### Directions
Only the lines of the data below from the one with "Bên cạnh đó, không" through the one with "Pippa & Pearl" are wanted. Repeat them exactly.

### Working data
:::::

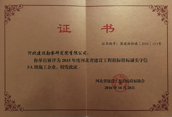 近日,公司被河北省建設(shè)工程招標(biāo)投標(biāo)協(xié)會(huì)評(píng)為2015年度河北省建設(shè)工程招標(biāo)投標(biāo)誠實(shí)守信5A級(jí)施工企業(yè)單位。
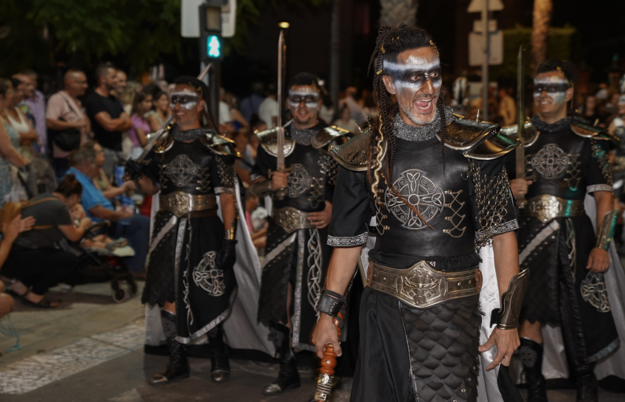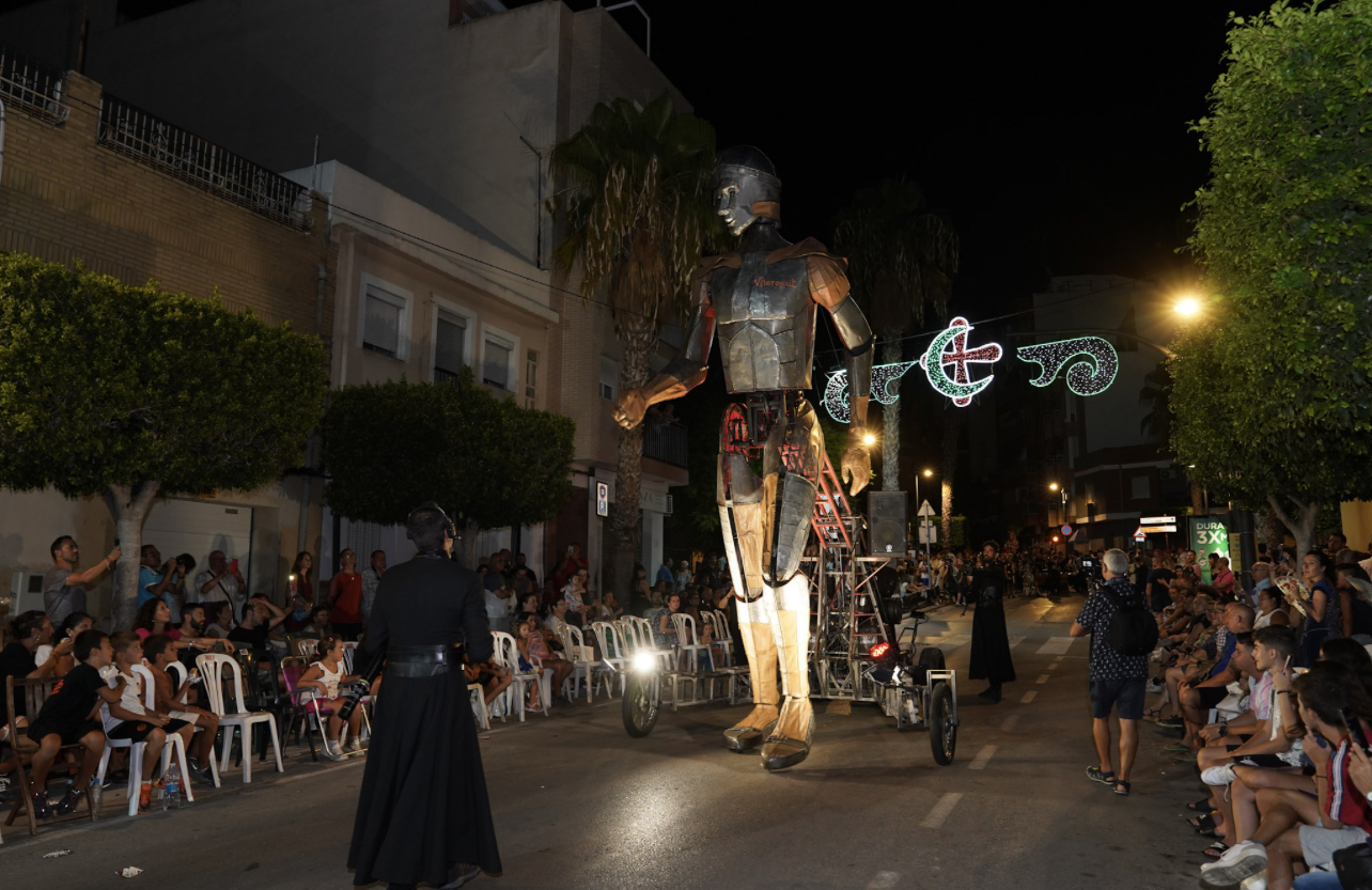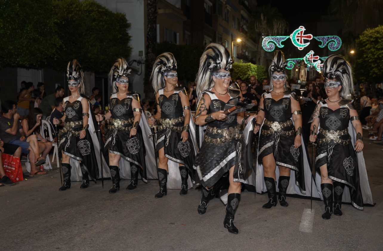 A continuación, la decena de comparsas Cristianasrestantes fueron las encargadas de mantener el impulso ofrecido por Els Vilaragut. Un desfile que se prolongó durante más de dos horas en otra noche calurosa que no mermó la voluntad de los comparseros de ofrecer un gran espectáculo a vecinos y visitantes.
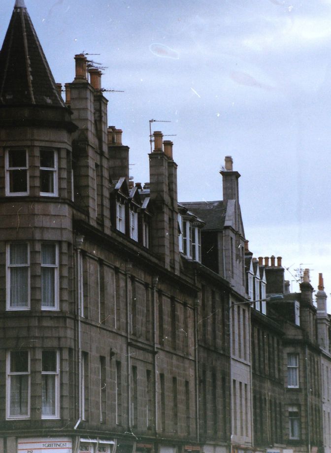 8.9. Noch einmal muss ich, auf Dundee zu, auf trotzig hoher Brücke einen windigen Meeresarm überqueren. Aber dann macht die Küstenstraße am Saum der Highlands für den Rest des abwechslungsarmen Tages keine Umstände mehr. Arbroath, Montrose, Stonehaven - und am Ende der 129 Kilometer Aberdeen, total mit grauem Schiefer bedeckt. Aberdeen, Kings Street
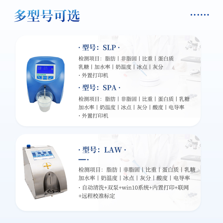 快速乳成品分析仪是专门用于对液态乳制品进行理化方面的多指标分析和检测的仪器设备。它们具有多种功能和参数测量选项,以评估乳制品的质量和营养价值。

:::::

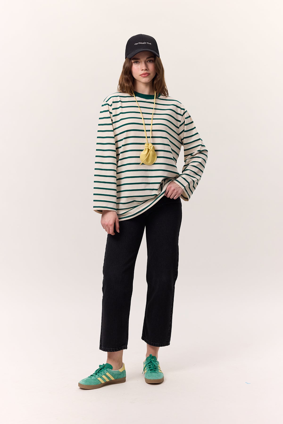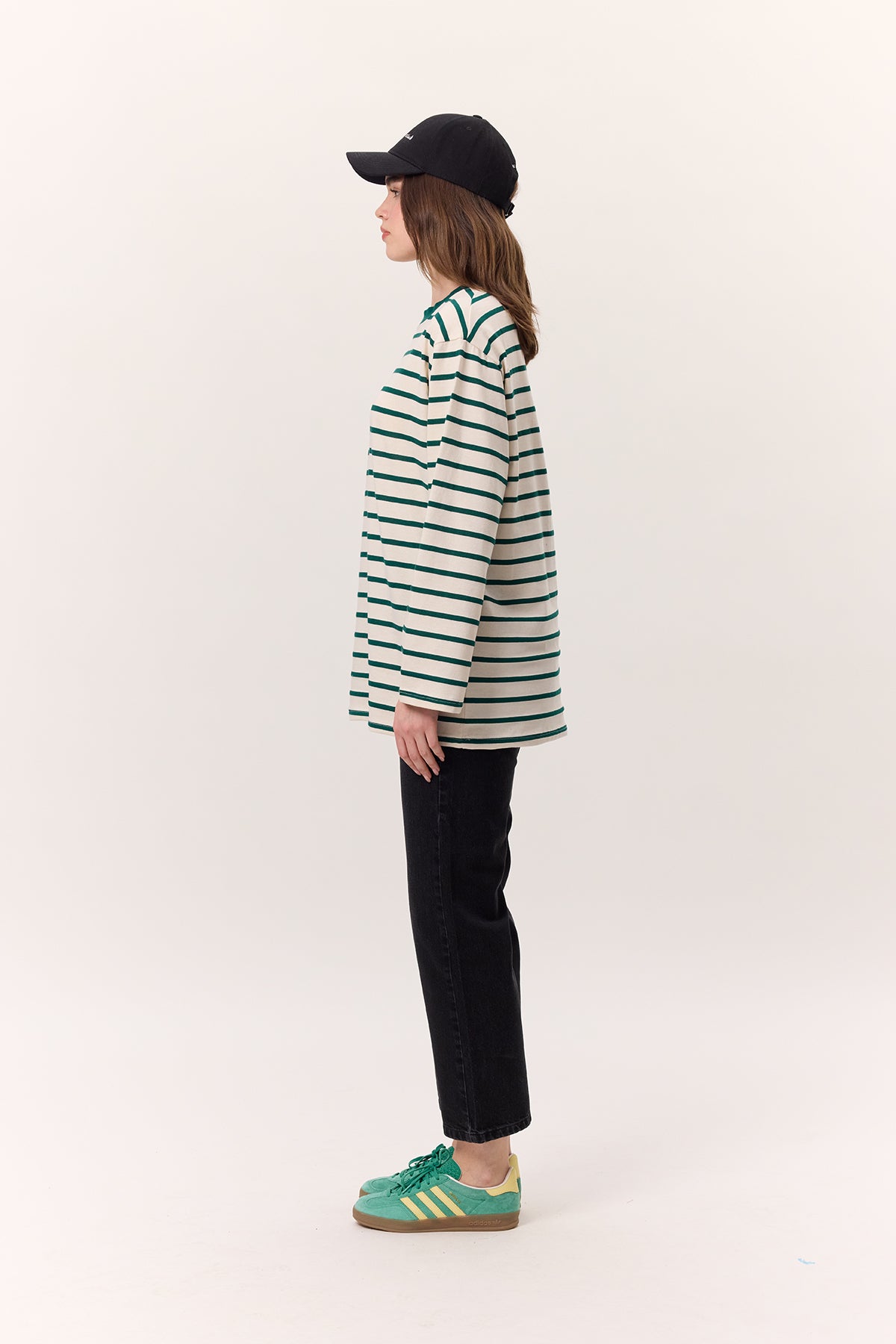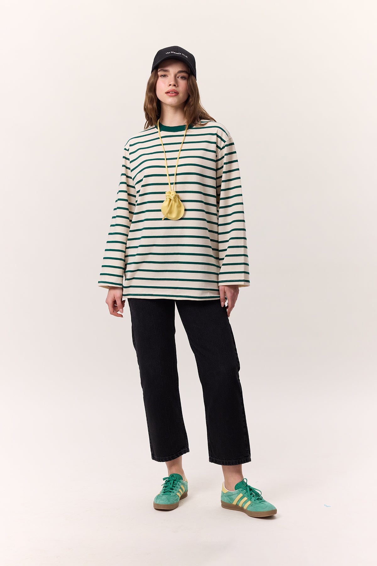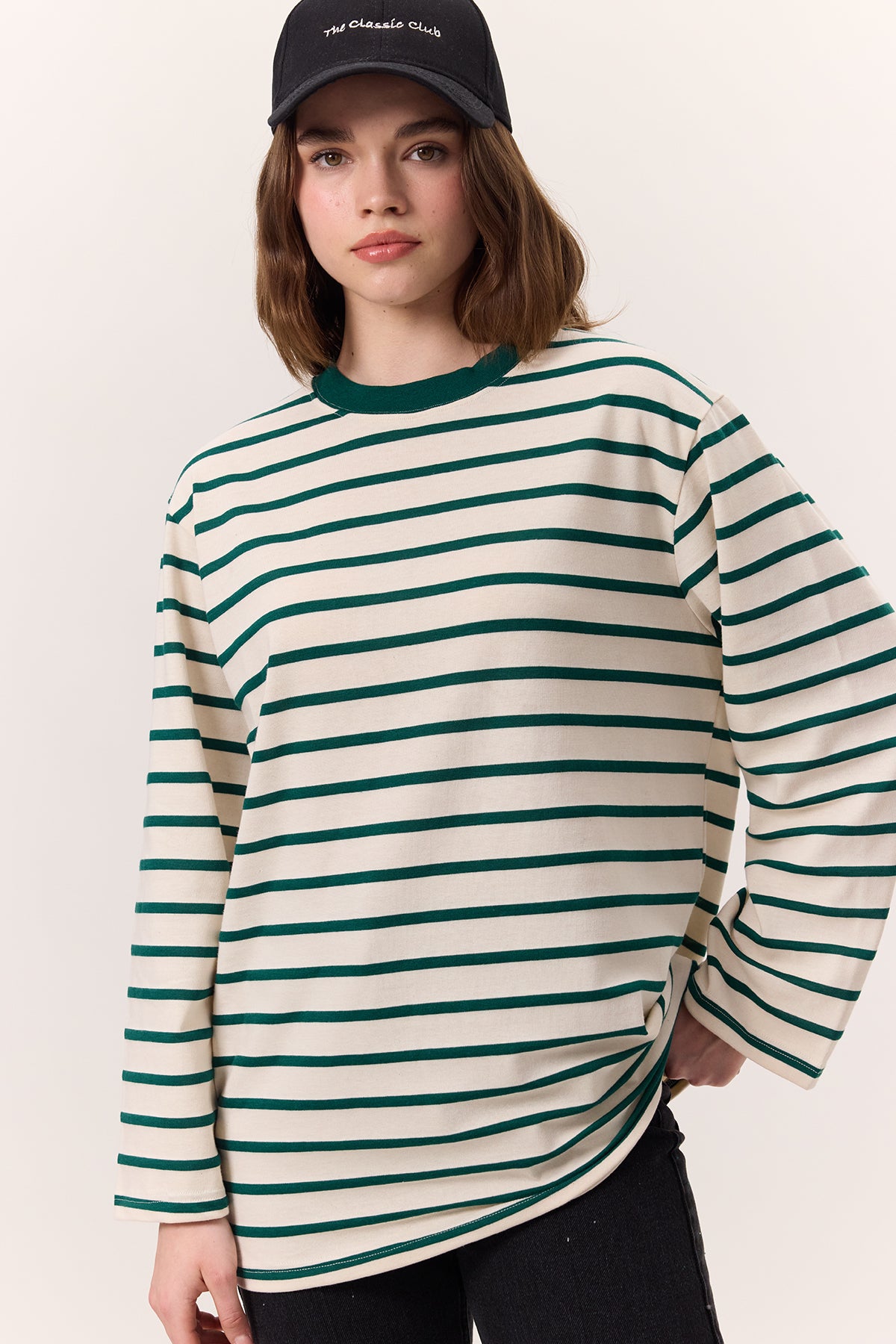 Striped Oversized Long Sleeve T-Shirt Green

:::::

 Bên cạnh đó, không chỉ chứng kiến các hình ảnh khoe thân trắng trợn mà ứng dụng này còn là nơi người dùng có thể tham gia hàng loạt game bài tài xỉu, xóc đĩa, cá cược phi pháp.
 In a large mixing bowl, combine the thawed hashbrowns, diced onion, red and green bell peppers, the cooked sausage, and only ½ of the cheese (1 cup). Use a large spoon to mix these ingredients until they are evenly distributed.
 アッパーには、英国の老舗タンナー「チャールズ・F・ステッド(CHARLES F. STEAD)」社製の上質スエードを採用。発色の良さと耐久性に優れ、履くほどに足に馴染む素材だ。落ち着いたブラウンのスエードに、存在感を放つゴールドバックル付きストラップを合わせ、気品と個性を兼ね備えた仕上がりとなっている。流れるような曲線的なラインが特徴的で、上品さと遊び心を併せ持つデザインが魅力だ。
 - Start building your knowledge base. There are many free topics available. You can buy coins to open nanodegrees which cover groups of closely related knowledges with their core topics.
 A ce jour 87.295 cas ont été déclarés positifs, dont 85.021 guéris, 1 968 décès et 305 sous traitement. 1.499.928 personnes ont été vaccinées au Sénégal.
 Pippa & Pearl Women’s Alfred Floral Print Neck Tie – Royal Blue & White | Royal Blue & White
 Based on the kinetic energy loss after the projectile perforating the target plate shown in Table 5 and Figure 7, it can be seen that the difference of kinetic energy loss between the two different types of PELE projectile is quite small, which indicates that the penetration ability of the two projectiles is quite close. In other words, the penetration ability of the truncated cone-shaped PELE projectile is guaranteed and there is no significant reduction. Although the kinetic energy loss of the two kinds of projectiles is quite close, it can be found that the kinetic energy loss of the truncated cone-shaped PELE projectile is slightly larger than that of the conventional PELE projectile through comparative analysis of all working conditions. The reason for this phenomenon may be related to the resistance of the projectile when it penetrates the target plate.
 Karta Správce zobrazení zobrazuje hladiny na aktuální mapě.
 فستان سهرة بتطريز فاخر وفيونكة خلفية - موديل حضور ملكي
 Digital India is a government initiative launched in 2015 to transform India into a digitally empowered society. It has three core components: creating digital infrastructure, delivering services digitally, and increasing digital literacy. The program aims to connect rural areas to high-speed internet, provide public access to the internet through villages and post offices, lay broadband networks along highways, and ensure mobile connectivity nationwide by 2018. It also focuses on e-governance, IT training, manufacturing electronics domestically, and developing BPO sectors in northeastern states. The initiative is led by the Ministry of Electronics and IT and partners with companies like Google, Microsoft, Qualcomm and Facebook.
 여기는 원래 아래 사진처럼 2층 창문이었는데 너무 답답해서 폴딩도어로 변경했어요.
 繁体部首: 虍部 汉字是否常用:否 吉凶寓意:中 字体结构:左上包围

:::::

### Response area
 Bên cạnh đó, không chỉ chứng kiến các hình ảnh khoe thân trắng trợn mà ứng dụng này còn là nơi người dùng có thể tham gia hàng loạt game bài tài xỉu, xóc đĩa, cá cược phi pháp.
 In a large mixing bowl, combine the thawed hashbrowns, diced onion, red and green bell peppers, the cooked sausage, and only ½ of the cheese (1 cup). Use a large spoon to mix these ingredients until they are evenly distributed.
 アッパーには、英国の老舗タンナー「チャールズ・F・ステッド(CHARLES F. STEAD)」社製の上質スエードを採用。発色の良さと耐久性に優れ、履くほどに足に馴染む素材だ。落ち着いたブラウンのスエードに、存在感を放つゴールドバックル付きストラップを合わせ、気品と個性を兼ね備えた仕上がりとなっている。流れるような曲線的なラインが特徴的で、上品さと遊び心を併せ持つデザインが魅力だ。
 - Start building your knowledge base. There are many free topics available. You can buy coins to open nanodegrees which cover groups of closely related knowledges with their core topics.
 A ce jour 87.295 cas ont été déclarés positifs, dont 85.021 guéris, 1 968 décès et 305 sous traitement. 1.499.928 personnes ont été vaccinées au Sénégal.
 Pippa & Pearl Women’s Alfred Floral Print Neck Tie – Royal Blue & White | Royal Blue & White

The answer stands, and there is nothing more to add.